Naturally there are many who would resent and dispute such a characterization of their methods and intent. However, in this case, truth is in the eye of the beholder; and in the view of a typical non-suicidal patient, any doctor or institution practicing euthanasia becomes a threatening presence stimulating feelings of anxiety, which arguably nullify the whole benefit of Palliative Care.

At the best of times, non-suicidal patients (and their families) often harbour fears that doctors intend to do them harm. Only with the greatest effort do doctors gain the trust of patients, which is one of many reasons why, throughout the history of medicine, doctors have relied on an unambiguous promise that they would never harm patients.

Euthanasia proponents, of course, reverse this logic: How, they ask, might a (suicidal) patient trust a doctor who has promised that he would never be willing to end suffering by ending life?

Clearly, then, we are talking about two distinct services and two distinct clienteles, mutually exclusive to the point where a doctor associated with one will naturally be disqualified in the perception of a patient who desires the other.

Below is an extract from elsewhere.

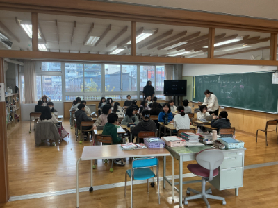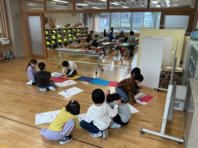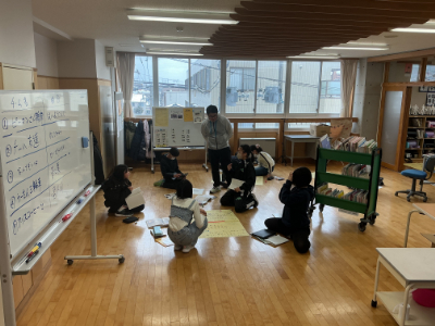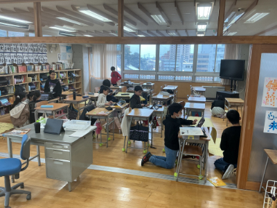 校舎の中は、あったか快適空間です。1年2組は、今日も熱心にすごろくづくりです。友だちと楽しそうにすごろくをやっている様子も見られました。

But where will these services be offered? Euthanasia advocates have a simple answer to this question: everywhere. We will simply take our proposed service, they say, and install it in the homes of others, like a loudly sizzling hamburger stand, suddenly introduced in one corner of a contemplative vegetarian restaurant. The juxtaposition is absurd, of course, but the suggestion also betrays astounding arrogance, founded in a deep ignorance of past social evolution as it is reflected in existing infrastructure.

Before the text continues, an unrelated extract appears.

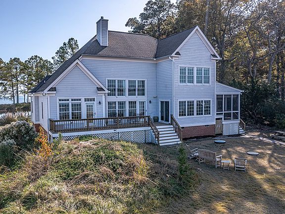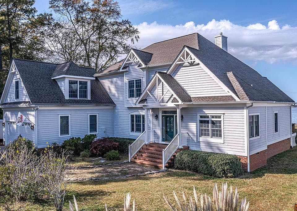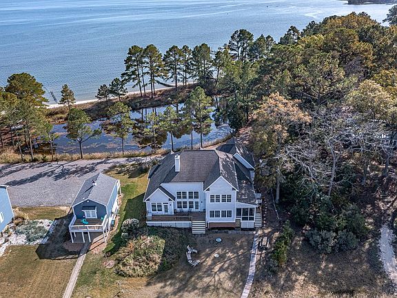 An exceptional and truly unique waterfront property with waterfrontage on two of the boundary lines of the site. The front entrance of home faces the Chesapeake Bay, and the Backyard faces the Great Wicomico River with a deep-water dock and lift. The Chesapeake Bay side offers super beach along shoreline. This site includes a coastal style home that was custom built in 2004. Floor plan is spacious. Main level has two story wall of windows overlooking the river. Living area/fireplace, dining area and kitchen with breakfast nook is open and creates ideal gathering area. Spacious bedroom and bath on main level plus an office with adjoining bath. Second level has two bedrooms, recreation/hobby room and two full baths. A screened porch and deck on riverside of home. If you are looking for a "special waterfront location" & home, it's here. Sandy Point on the Wicomico River is known for its beautiful waterfront and great community. A State boat ramp in community is also a big perk. Previewing property by appointment begins 11/11. Offers will not be considered before 3:00 P.M. Monday, 11/14. Don't miss a visit to this special location. Any questions, please call.

Palliative Care centres were not always there; Palliative Care only truly began in the 70’s. Nor did the picturesque pastoral “homes”, that we recognize today, spring out fully formed in the blink of an eye. They are the fruit of evolution, imagination, dedication, perseverance and experimentation. In the early days Dr. Balfour Mount and others succeeded in carving out little units in prestigious hospitals where pilot programs were initiated. At that time, there was no question of combining them with euthanasia, because that was still an unheard-of barbarism in the medical culture of the day. But the exclusivity of Palliative Care did not end there.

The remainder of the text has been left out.